Representing Irrational Numbers On The Number Line
Represent √2 & √3 on the number line:
Greeks discovered this method. Consider a unit square OABC, with each side 1 unit in lenght. Then by using pythagoras theorem
\(OB=\sqrt{1+1}=\sqrt{2}\)
Now, transfer this square onto the number line making sure that the vertex O coincides with zero
With O as centre & OB as radius, draw an arc, meeting OX at P. Then
OB = OP = √2 units
Then, the point represents √2 on the number line
Now draw, BD ⊥ OB such that BD = 1 unit join OD. Then
OD = \(\sqrt{{{(\sqrt{2})}^{2}}+{{(1)}^{2}}}=\sqrt{3}\) = units With O as centre & OC as radius, draw an arc, meeting OX at Q. Then
OQ = OD = √3 units
Then, the point Q represents √3 on the real line
Remark: In the same way, we can locate √n for any positive integer n, after \(\sqrt{n-1}\) has been located.

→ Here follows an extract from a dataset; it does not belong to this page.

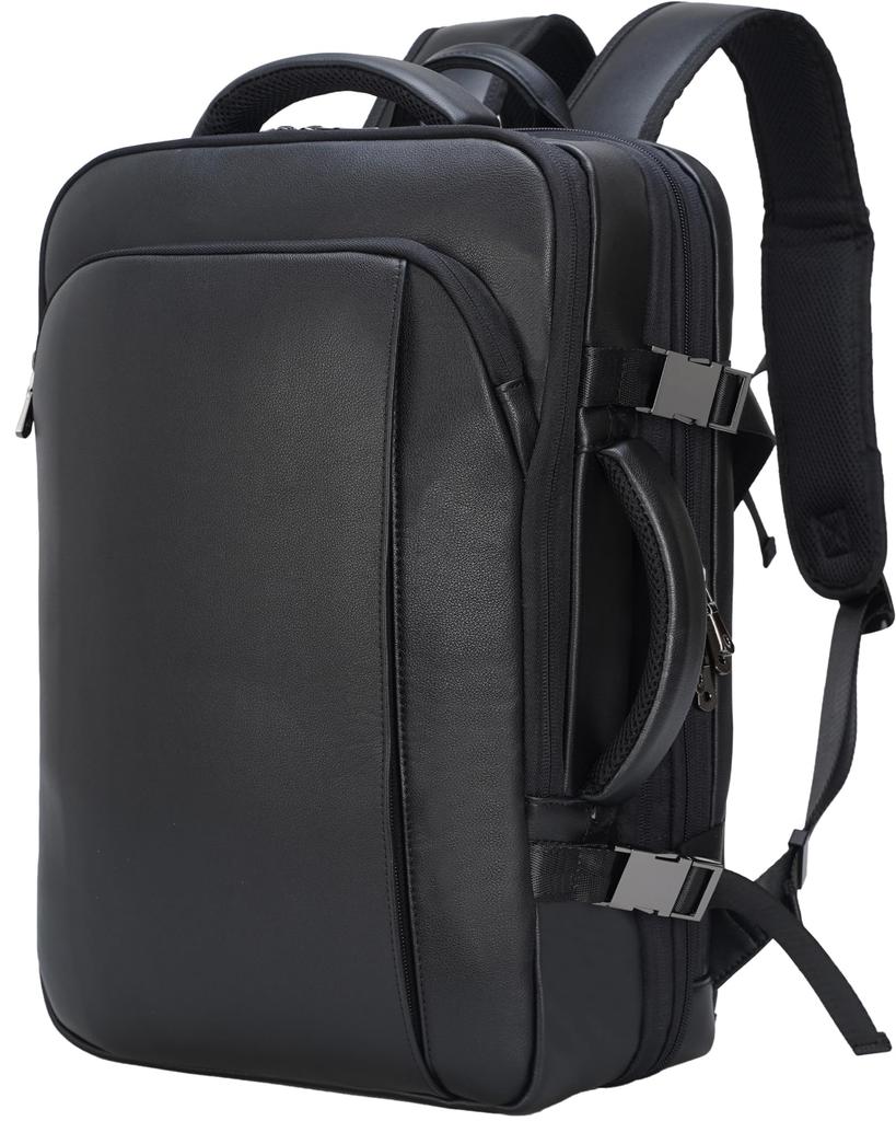 [Product Information] Material: Calfskin, Color: Black, Size: 44cm x 31cm x 17cm-25cm Expandable, Weight: Approximately 2kg, Fits 15.6-inch PC, A4 files, Capacity: 20L (expanded) - 30L, Functionality: Expandable gusset, wet/dry compartment, waterproof genuine leather, chest strap, carry-on bag, anti-theft rear pocket, Pockets: Two front zip pockets, Three-layer organization: 1) Left and right zip pockets (interior: two zip pockets, five open pockets, two pen holders), 2) Full-open clothing pocket (interior: one mesh pocket, one wet/dry compartment), 3) Laptop zip pocket (interior: one padded laptop compartment, one tablet compartment, one open pocket), Hidden rear anti-theft zip pocket, Ideal for business backpacks, travel bags, and Christmas gifts. Warranty: One-year free repairs.

Existence of √n for a positive real number:
The value of √4.3 geometrically : –
Draw a line segment AB = 4.3 units and extend it to C such that BC = 1 unit.
Find the midpoint O of AC.
With O as centre and OA a radius, draw a semicircle.
Now, draw BD ⊥ AC, intersecting the semicircle at D. Then, BD = √4.3 units.
With B as centre and BD as radius, draw an arc, meeting AC produced at E.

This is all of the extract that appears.